## Work task
Transcribe the whole listing below without changing a word, but leave out every image.

## Information shown

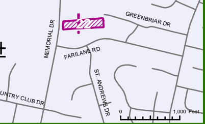
Inset of Oakmont House & Gardens (22)
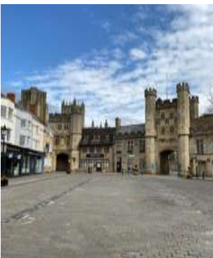
Deserted Market Square in Wells

Lockdown itself was an almost unique experience combining perfect weather with the near-silence brought on by empty roads and empty skies. Despite living in this house for fifteen years, it was only in this enforced stillness that I discovered that a tawny owl uses the tall Scots pine adjacent to the house as its hunting perch...vigilant at dusk before gliding silently into the neighbouring field to hunt.
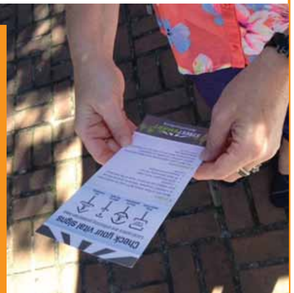
KMM jumpstarts its Walk Safe Campaign at Kilmer Square Park.
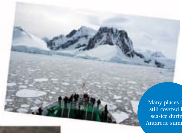
Many places are still covered by sea-ice during Antarctic summer
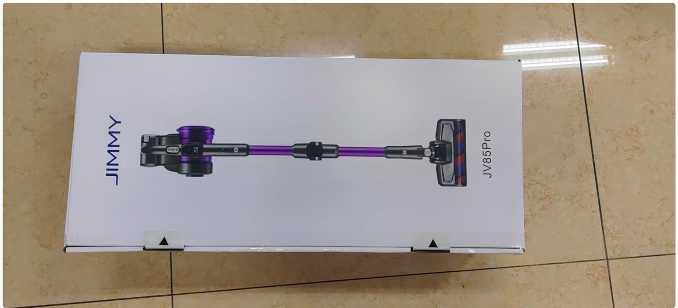
Image: The top view of the Jimmy JV85 Pro Cordless Vacuum Cleaner's retail packaging, displaying the product name and an illustration of the vacuum.
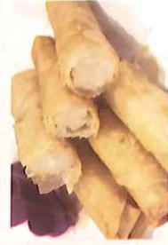
香脆蝦卷 $5.25 Shrimp Roll (3)
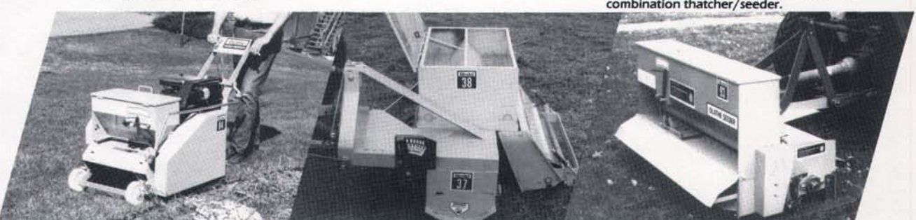
MODEL 84 walk-behind slit seeder, 18 hp, self propelled.
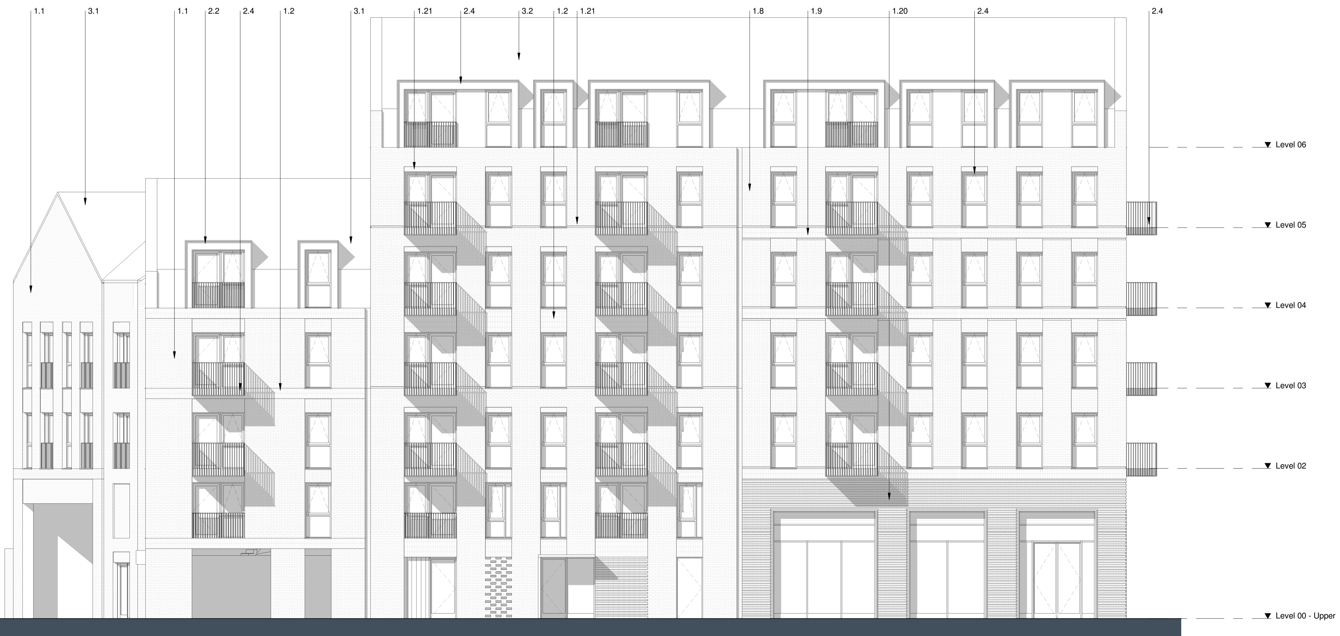
2 M - 05 - West Elevation Scale 1 : 100

Contractors and consultants are not to scale dimensions from this drawing Reproduced by permission of Ordnance Survey on behalf of HMSO © CROWN COPYRIGHT and database right 2008 All rights reserved Ordnance Survey Licence number AL 1000 22432 Broadway Malyan Limited The survey information shown on this drawing is based on a topographical survey prepared by a third party and Broadway Malyan Limited accept no responsibility for the accuracy or completeness of the survey. Drawings to be read in conjunction with the associated Design & Access Statement, associated consultant design team documents & reports and landscape information Landscape shown is for illustrative purposes only. For detailed landscape information, please refer to the landscape information & documents.

## Result for this exercise
Inset of Oakmont House & Gardens (22)
Deserted Market Square in Wells

Lockdown itself was an almost unique experience combining perfect weather with the near-silence brought on by empty roads and empty skies. Despite living in this house for fifteen years, it was only in this enforced stillness that I discovered that a tawny owl uses the tall Scots pine adjacent to the house as its hunting perch...vigilant at dusk before gliding silently into the neighbouring field to hunt.
KMM jumpstarts its Walk Safe Campaign at Kilmer Square Park.
Many places are still covered by sea-ice during Antarctic summer
Image: The top view of the Jimmy JV85 Pro Cordless Vacuum Cleaner's retail packaging, displaying the product name and an illustration of the vacuum.
香脆蝦卷 $5.25 Shrimp Roll (3)
MODEL 84 walk-behind slit seeder, 18 hp, self propelled.
2 M - 05 - West Elevation Scale 1 : 100

Contractors and consultants are not to scale dimensions from this drawing Reproduced by permission of Ordnance Survey on behalf of HMSO © CROWN COPYRIGHT and database right 2008 All rights reserved Ordnance Survey Licence number AL 1000 22432 Broadway Malyan Limited The survey information shown on this drawing is based on a topographical survey prepared by a third party and Broadway Malyan Limited accept no responsibility for the accuracy or completeness of the survey. Drawings to be read in conjunction with the associated Design & Access Statement, associated consultant design team documents & reports and landscape information Landscape shown is for illustrative purposes only. For detailed landscape information, please refer to the landscape information & documents.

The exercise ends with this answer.